Physicians trained by the International Lyme and Associated Disease Society believe the Lyme infection can remain in the body indefinitely, eventually erupting into a wide range of debilitating and painful symptoms. They say that their "chronic Lyme" patients are responding to long-term antibiotics and other therapies and that many regain full health.
The Infectious Disease Society, meanwhile, says such symptoms are due to damage caused by the infection before it was treated. They call this "post-Lyme syndrome," an untreatable non-illness, not covered by most health insurance providers.
Tom Easton, a Madison small business owner, thinks he may have had the characteristic rash associated with Lyme disease seven years ago, when he was trying to get treated for a raging fever and headaches that developed after a family vacation near Spooner.
At the time, Easton didn't know much about Lyme. He didn't mention the red splotch to doctors, and no one asked. His test results were inconclusive. After two weeks on doxycycline, his fever subsided, but extreme fatigue and joint pain set in and continued for years.

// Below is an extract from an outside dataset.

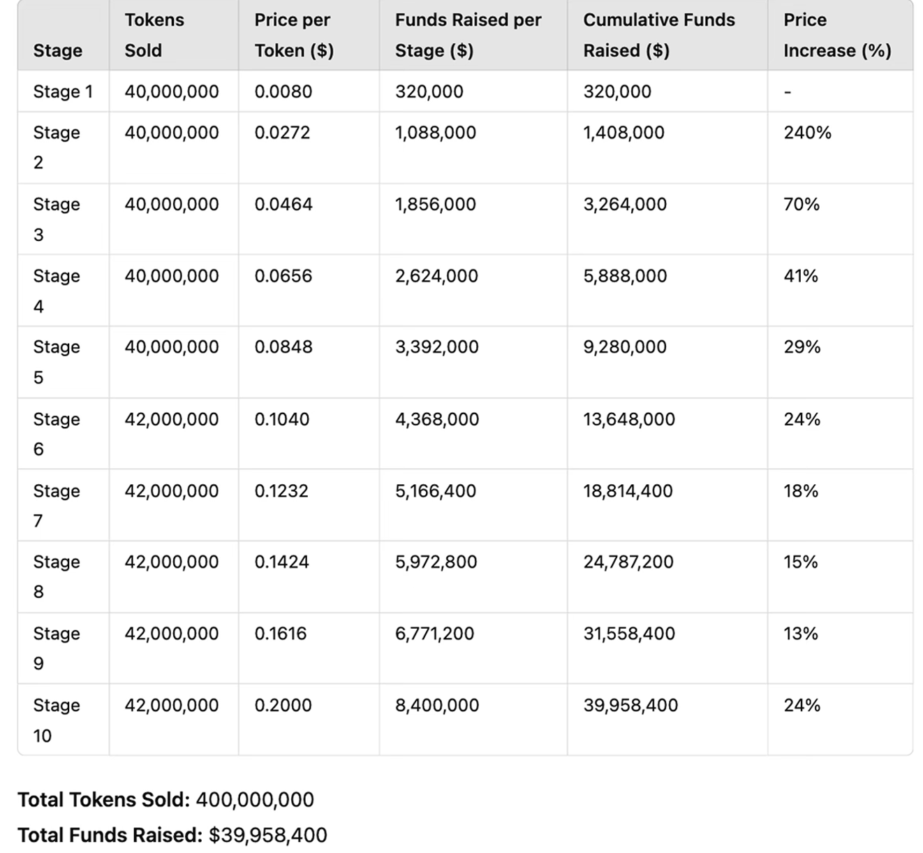 * Token Price End: **$0.20**

"I slept a lot and still felt exhausted," says Easton. "Drinking green tea helped me get through the day."
One year later, Easton tested again, and it was positive. He says an infectious disease doctor told him that he had already been treated adequately. "He told me to get off the tea and have a better attitude, says Easton. "He said I had post-Lyme syndrome, and if I wanted to know what it was I could Google it."

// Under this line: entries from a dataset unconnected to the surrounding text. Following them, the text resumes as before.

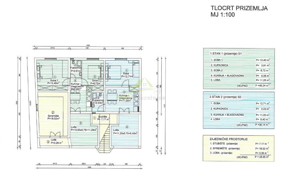 RASPORED:- predsoblje- kuhinja sa blagovaonicom te dnevnim boravkom- spavaća soba I- spavaća soba II- kupaonica sa WC-om- logia I- logia II
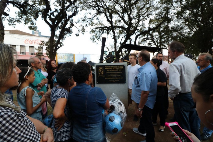 Na inauguração o único condutor da Máquina Niveladora, o saudoso servidor municipal Henrique Lazzarine, foi homenageado com a entrega dos votos de louvor a seus familiares.
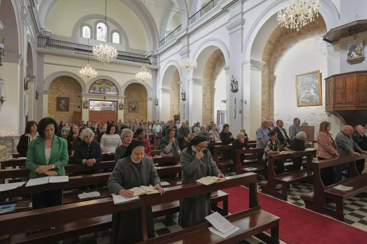 Maronite Catholic faithful attend a service on the Feast Day of St. George in St. George Church in the Maronite village of Kormakitis in the breakaway north of the ethnically divided Cyprus on Wednesday, April 23, 2025. (AP Photo/Petros Karadjias)
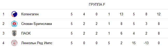 В рамках 5-го тура группового этапа Лиги конференций в матчах группы F Копенгаген разгромил на выезде гибралтарский Линкольн Ред Импс со счетом 4:0, а братиславский Слован сыграл в нулевую ничью с ПАОКом.
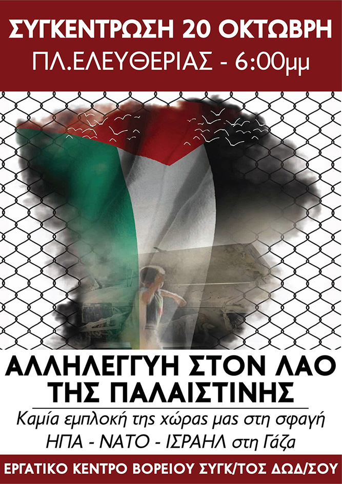 Εργ. Κέντρο: Συγκέντρωση την Παρασκευή 20/10 για την Παλαιστίνη
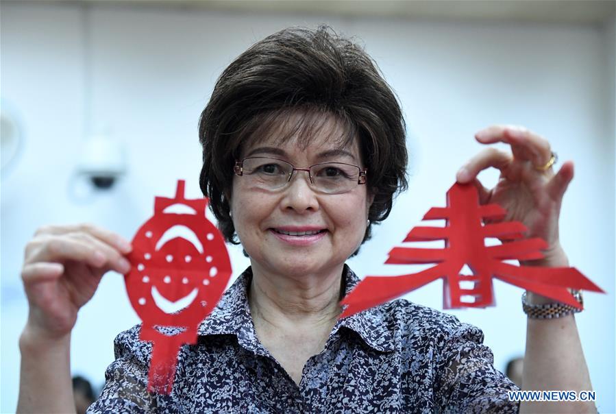 A woman from Thailand shows her paper-cutting work at the Guangxi University in Nanning, south China's Guangxi Zhuang Autonomous Region, June 25, 2018. A delegation from Thailand experienced activities of Chinese traditional culture including paper-cutting, calligraphy, Chinese class, etc. at the Guangxi University. (Xinhua/Lu Boan)
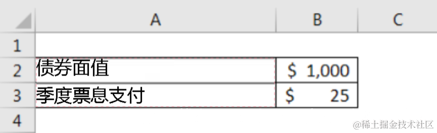 让我们以半年期息票支付的债券为例。让我们假设一家公司已发行面值为1,000元且每季度支付25元利息的债券。计算债券的息票率。

Easton did Google Lyme. Eventually he linked up with an online support group that included Madison-area residents. There he learned about the International Lyme and Associated Diseases Society, and contacted one of its "Lyme-literate" doctors.
"There's still at least one week out of each month when I don't do well, he says. "It's a roller coaster that's gradually getting better."
This summer Kim also found a doctor though the Lyme society, one who "was okay that I treated myself. He said, 'You did what you had to do.'" Now this doctor is monitoring her further recovery.
"Lately," says Kim, "I'm feeling better. The feeling in my face has returned, my eyes are not blurry, and the cognitive issues are gone. I still get a low-level buzzing, but now it's more like background noise. I feel like I'm getting my life back."
Film tells the tale
Under Our Skin, an award-winning new documentary, makes its Madison debut at Sundance Cinemas from Oct. 9 to 15. The film focuses on the Lyme controversy through stories of those affected by the disease. Lyme advocates from around Wisconsin will lead discussions following the 7 pm screening on Oct. 9 and the 4:30 pm screening on Oct. 10.